Kitaptan:**** Bağlayın ellerini, çırpınmasın ölüme giderken! Saçlarını da tıraş edin, kesilen kafası güzel görünsün! Gömleğinin boynunu kesmeyi unutmayın, bıçak güzelce koparsın kafasını!

Ha birde söyleyin dışarıdaki insanlara, az kaldı istedikleri vahşet gelmek üzere!
**** Merhamet diyorum, doğadaki tüm canlılarda sınırsızca bulunan merhamet neden biz insanoğlunda yok?

*** Merak ediyorum, giyotinle olmasa da insanların canını vahşice alan ve buna seyirci kalan milyonlar hala neden kana doymuyor?
**** Aman Tanrım! Gün batmadan öleceğim doğru mu? İdam edilecek kişinin ben olduğum doğru mu? Dışarıdan gelen o boğuk çığlıklar, şimdiden rıhtımlarda neşeyle toplanan o insan kalabalığı, kışlalarda hazırlanan o jandarmalar, siyah cübbeli o rahip, elleri kanlı o adamlar, bütün bunlar benim için mi?
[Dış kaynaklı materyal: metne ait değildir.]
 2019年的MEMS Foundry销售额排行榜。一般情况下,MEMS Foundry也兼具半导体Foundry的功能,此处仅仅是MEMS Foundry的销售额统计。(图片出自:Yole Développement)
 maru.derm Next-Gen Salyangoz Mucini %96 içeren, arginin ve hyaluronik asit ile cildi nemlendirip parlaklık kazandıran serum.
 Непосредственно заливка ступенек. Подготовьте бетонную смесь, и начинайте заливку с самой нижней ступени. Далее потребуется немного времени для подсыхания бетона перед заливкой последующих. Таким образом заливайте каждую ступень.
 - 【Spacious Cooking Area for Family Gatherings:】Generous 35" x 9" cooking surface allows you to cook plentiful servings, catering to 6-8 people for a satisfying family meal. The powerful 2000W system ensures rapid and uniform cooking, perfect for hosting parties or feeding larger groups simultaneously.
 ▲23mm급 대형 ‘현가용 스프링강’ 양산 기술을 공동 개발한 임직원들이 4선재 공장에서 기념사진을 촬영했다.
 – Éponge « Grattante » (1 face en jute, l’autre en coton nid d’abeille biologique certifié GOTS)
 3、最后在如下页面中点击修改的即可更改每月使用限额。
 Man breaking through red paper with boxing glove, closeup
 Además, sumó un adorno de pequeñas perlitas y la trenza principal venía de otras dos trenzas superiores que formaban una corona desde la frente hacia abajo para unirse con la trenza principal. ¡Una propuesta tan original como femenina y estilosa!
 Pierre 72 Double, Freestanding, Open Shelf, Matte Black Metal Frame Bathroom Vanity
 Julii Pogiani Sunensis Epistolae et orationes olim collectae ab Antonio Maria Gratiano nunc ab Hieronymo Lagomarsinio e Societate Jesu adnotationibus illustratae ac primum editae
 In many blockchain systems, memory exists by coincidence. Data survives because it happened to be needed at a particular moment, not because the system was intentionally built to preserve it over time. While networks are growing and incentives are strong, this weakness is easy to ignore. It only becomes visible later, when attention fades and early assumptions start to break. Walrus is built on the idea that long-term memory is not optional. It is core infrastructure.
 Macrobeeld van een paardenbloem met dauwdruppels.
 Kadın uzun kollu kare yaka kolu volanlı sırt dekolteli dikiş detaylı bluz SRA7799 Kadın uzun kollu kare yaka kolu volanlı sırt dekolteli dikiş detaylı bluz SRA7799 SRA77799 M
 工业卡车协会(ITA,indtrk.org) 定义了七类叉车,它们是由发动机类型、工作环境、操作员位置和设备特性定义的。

Demek burada kımıldayan, soluk alan, tıpkı herhangi bir masa gibi bu masanın yanında oturan, belki de başka bir yerde olması gereken, dokunan hisseden ve giysilerinde hala kıvrımlar oluşan ben öleceğim!
**** Ben arabaya binerken, gri gözlü, yaşlı bir kadın şöyle diyordu: “Bunu forsa gösterilerinden daha çok seviyorum.´´
Arka Kapak:
Bir İdam Mahkûmunun Son Günü, dünya edebiyatının ölümsüzlerinden Victor Hugo´nun (1802-1885) yirmi altı yaşında yazdığı bir gençlik yapıtıdır. Victor Hugo´nun içerik olarak bu romandaki amacı çok yalın, çok açık: İdam cezasının hem trajik, hem de saçma yanını göstermek. Onun büyüklüğünde, onun dehasında bir yazar için böyle bir savı insani ve etik boyutlarıyla sergileyerek kanıtlamak hiç de güç değil. Ama bu romanın büyük önemi başka özelliklerinden kaynaklanıyor. Bu yapıt, birinci tekil kişi ben ile yazılan romanın ilk örneği. Daha önce böyle bir yöntem bilinmiyor. Demek ki bu özelliğiyle bir yol açıcı, bir öncü bu roman. Roman kahramanının da dediği gibi, bir tür zihinsel otopsi olan bu romanda, modern edebiyatın ilk iç monoloğu ile karşılaşıyoruz. Bir İdam Mahkûmunun Son Günü, bir yazınsal yenilik olan Samuel Beckett ve Georges Bataille´ı haber veriyor. Bu da romanın bir başka önemli özelliği. Bataille ve Beckett´i tanıdıktan sonra bu romanı daha iyi kavrıyoruz. İdam Mahkûmunun kendisine ironik bir gözle bir başkası olarak bakışı ise, Victor Hugo´nun Arthur Rimbaud´dan kırk yıl önce ´Ben Bir Başkasıdır´ düşüncesini yaşamış olduğunu gösteriyor.